Maddie rolled her eyes and slipped her hand out of mine to tap the tip of my nose with her finger. “That’s something you have to figure out for yourself,” she said firmly. “But for me, right now…I think love is about two different personalities trying to confront life, trying to make sense of their responsibilities, to themselves, to each other, and to the world. And we got pretty fucking close before shit went down, Alex,” Maddie laughed bitterly.

She was done crying now, but her voice was still thick with unshed tears. “You know, I was seriously considering therapy, or rehab... Not because I think it would work or anything. Nothing can fix me at this point. But because I knew it would at least put your mind at ease. Now? Fuck no!”

“You need time, Maddie? Give me some time, too…Give me time to fix you, to change your mind.”

Maddie got to her feet, dusting off her jeans before pocketing her phone. “Good night, Alex.”

I was pretty desperate at this point. I got up and hugged her from behind so she couldn’t leave me just yet. “Maddie…”

Alex!” Maddie yelled now, pushing me away. She’d never done that before. I just stood there, frozen in shock. “Just…Just stop it, alright? I’m done.”

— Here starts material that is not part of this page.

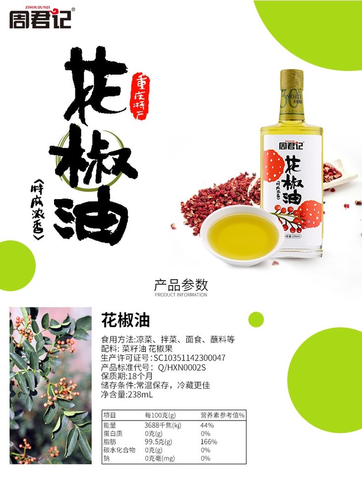 周君记 新品特惠 特麻花椒油238ML

I struggled for composure as I felt whatever was left of that little box that beats in my chest die a little more. First Daniel, now Maddie? Well, Maddie wasn’t dying, but she was still walking out of my life. I never had to gift of holding onto people, but losing Maddie? I can’t handle this.“So…y-you’re breaking up with me?”

Maddie brushed her hair behind her ear. She was wearing a gray Glamour Kills cardigan I got for her, a purple v-neck underneath, her usual skinny jeans, flip flops, and the gray beanie she stole from me but never gave back because I told her to keep it since it looked so good on her. I wanted to hold her. I wanted to kiss her. I selfishly still wanted her to still be mine. “Alex…”

I wanted her to say anything but what I heard her say next.